== Source information

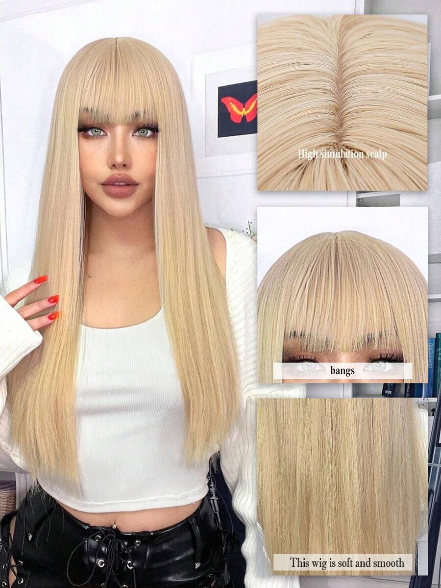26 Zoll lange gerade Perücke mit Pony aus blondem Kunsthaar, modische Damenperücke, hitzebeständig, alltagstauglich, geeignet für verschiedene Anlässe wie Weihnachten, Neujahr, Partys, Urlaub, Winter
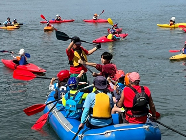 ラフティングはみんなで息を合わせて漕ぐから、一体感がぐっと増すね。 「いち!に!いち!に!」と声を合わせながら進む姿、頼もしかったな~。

====
== Source information

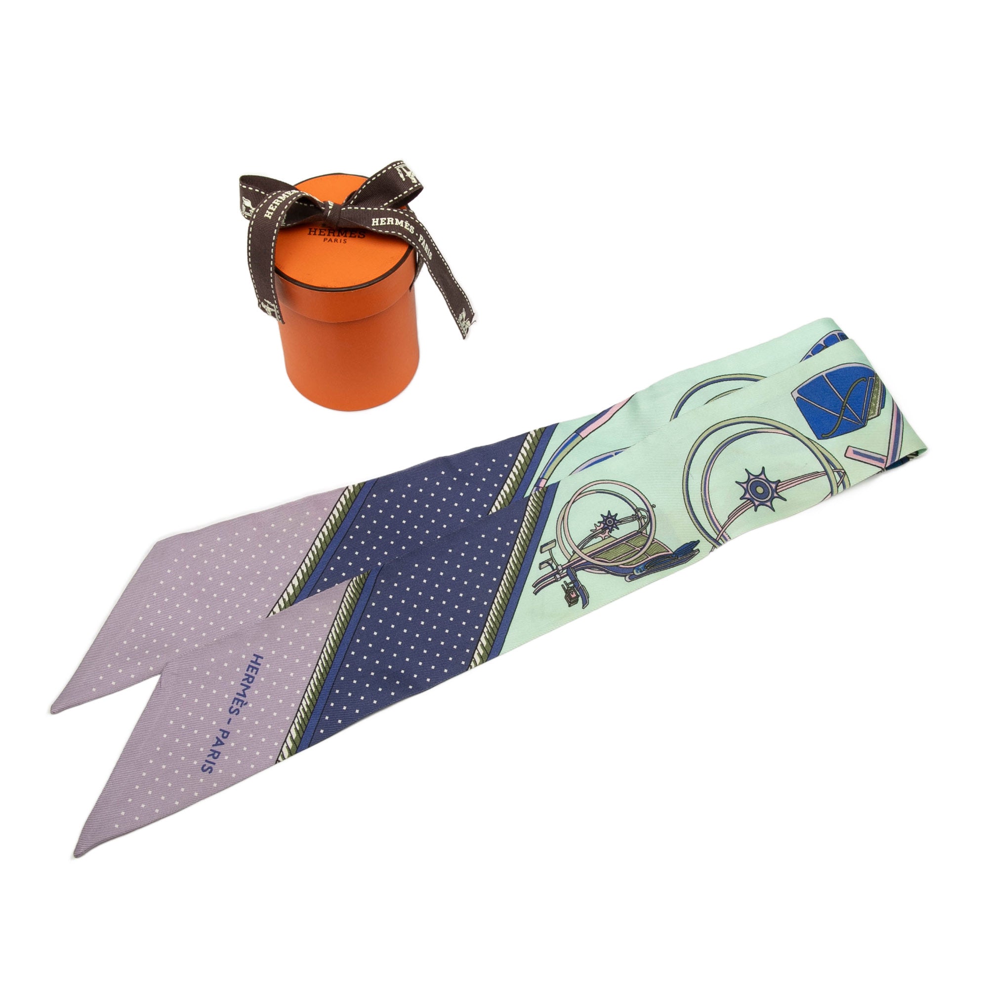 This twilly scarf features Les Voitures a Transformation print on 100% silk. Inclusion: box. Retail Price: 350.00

====

Requirement:
Quote word for word only the lines above from the one containing "26 Zoll lange" through the one containing "ラフティングはみんなで息を合". Pictures stay out of your copy.

Result:
26 Zoll lange gerade Perücke mit Pony aus blondem Kunsthaar, modische Damenperücke, hitzebeständig, alltagstauglich, geeignet für verschiedene Anlässe wie Weihnachten, Neujahr, Partys, Urlaub, Winter
 ラフティングはみんなで息を合わせて漕ぐから、一体感がぐっと増すね。 「いち!に!いち!に!」と声を合わせながら進む姿、頼もしかったな~。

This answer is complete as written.